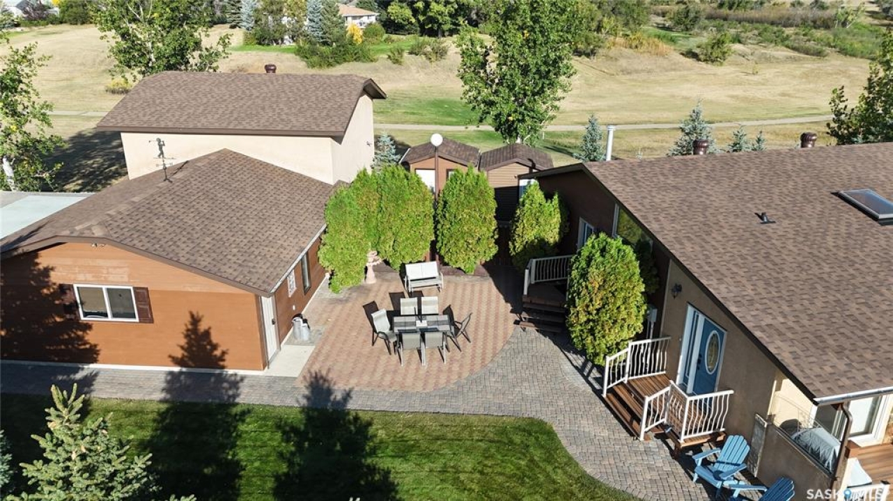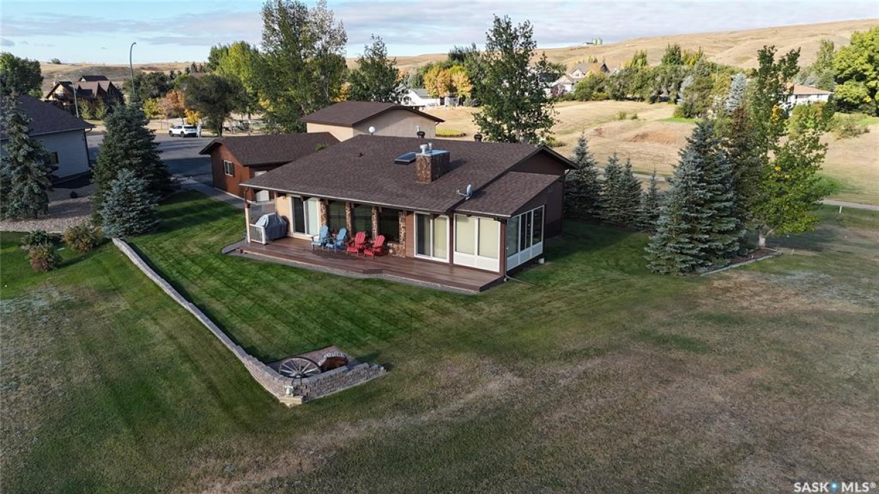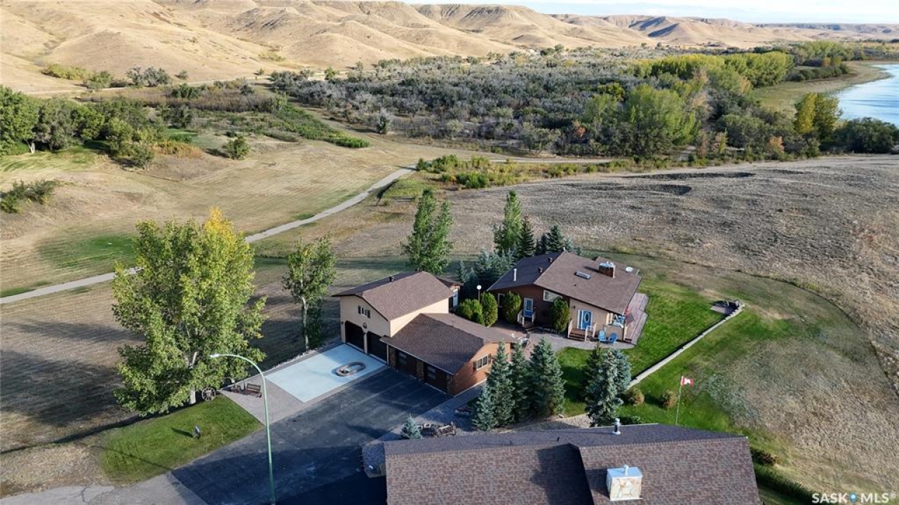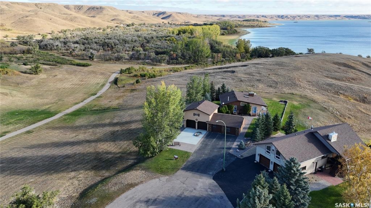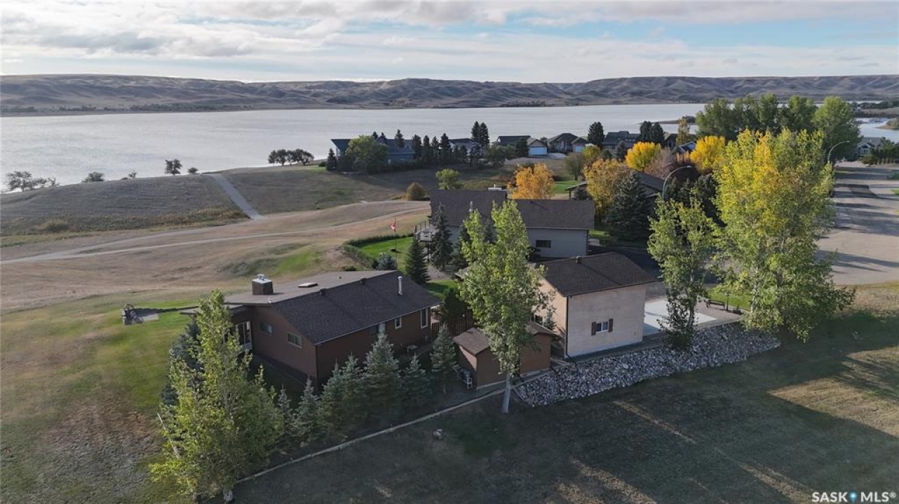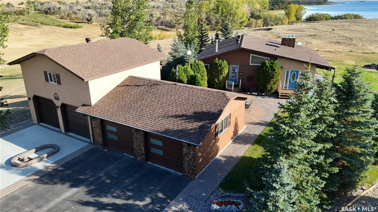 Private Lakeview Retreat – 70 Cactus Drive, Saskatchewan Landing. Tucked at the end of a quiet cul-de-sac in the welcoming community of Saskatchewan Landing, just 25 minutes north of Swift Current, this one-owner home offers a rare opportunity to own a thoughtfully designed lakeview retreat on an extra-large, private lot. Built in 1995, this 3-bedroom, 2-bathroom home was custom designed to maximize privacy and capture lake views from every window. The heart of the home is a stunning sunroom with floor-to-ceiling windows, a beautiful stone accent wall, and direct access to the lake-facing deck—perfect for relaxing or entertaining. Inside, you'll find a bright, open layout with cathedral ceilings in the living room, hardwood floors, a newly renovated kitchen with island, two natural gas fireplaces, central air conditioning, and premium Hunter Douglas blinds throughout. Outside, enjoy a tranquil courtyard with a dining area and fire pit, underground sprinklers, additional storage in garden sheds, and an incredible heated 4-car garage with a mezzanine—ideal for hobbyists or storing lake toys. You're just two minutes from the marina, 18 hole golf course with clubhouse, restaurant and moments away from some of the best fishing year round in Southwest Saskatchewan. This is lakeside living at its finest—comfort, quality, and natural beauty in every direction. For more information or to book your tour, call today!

---

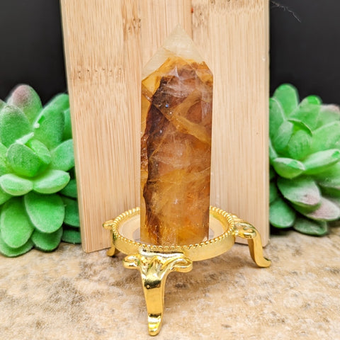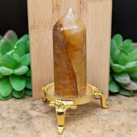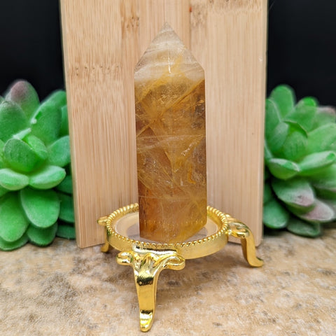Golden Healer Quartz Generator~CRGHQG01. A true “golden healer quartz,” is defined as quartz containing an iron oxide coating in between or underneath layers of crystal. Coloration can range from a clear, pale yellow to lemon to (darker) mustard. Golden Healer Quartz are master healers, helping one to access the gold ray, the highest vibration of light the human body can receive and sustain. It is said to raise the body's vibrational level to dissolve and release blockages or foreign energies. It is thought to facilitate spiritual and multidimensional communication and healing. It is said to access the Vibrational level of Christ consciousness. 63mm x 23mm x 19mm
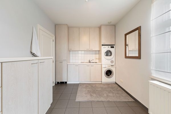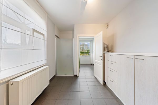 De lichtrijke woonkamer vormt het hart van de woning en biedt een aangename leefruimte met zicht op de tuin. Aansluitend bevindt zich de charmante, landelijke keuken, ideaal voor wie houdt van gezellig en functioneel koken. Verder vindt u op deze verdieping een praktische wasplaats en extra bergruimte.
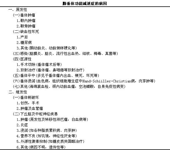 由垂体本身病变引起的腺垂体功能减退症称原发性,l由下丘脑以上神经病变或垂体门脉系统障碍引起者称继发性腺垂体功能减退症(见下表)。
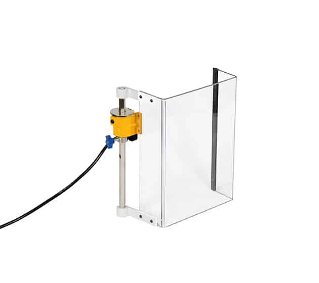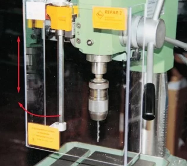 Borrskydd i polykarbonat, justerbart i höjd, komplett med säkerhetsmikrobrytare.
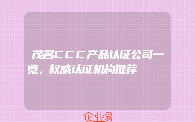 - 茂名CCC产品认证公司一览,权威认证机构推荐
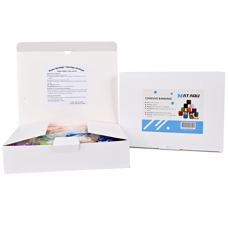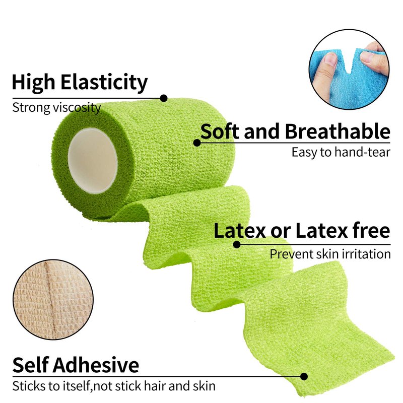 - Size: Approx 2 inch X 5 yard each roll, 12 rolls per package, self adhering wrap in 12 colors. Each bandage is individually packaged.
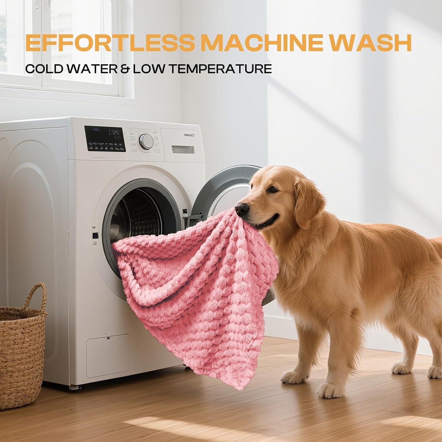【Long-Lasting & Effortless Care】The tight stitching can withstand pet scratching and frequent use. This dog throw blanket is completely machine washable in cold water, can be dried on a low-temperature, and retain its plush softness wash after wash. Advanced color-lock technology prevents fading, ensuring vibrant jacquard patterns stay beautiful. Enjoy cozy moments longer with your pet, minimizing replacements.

---

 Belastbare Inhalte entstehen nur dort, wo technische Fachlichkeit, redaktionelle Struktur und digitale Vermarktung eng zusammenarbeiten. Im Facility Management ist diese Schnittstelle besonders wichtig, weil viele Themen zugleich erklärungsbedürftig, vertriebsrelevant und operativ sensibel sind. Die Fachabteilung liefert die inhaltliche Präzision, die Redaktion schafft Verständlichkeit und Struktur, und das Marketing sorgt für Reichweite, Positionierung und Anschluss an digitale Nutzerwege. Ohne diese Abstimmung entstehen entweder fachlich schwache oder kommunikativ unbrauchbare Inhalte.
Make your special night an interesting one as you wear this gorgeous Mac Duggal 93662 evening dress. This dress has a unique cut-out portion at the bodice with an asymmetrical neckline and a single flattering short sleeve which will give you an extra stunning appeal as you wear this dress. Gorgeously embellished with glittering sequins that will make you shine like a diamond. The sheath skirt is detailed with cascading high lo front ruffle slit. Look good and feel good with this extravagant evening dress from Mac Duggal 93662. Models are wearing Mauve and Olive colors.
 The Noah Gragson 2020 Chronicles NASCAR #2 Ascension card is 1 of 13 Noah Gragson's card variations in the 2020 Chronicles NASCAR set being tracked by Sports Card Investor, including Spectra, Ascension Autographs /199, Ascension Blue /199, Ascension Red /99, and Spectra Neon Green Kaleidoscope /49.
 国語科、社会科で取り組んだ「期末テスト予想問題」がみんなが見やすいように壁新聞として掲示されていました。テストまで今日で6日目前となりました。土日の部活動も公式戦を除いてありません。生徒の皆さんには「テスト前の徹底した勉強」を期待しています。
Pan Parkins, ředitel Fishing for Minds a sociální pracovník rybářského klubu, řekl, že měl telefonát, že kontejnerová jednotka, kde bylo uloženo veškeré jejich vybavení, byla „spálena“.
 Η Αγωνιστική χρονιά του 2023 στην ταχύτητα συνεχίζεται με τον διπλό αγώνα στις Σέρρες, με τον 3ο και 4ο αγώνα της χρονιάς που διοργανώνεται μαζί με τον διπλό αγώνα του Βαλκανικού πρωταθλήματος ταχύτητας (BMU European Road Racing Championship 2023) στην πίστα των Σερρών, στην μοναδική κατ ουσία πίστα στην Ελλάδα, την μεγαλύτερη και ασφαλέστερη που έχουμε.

◆ Problem to solve: Your reply is to be an exact repeat of the listing above from the line holding "- 茂名CCC产品认证公司一览,权威认证机构推荐" down to the line holding "- Size: Approx", ends included, pictures excluded.

◆ Result of this exercise:
 - 茂名CCC产品认证公司一览,权威认证机构推荐
 - Size: Approx 2 inch X 5 yard each roll, 12 rolls per package, self adhering wrap in 12 colors. Each bandage is individually packaged.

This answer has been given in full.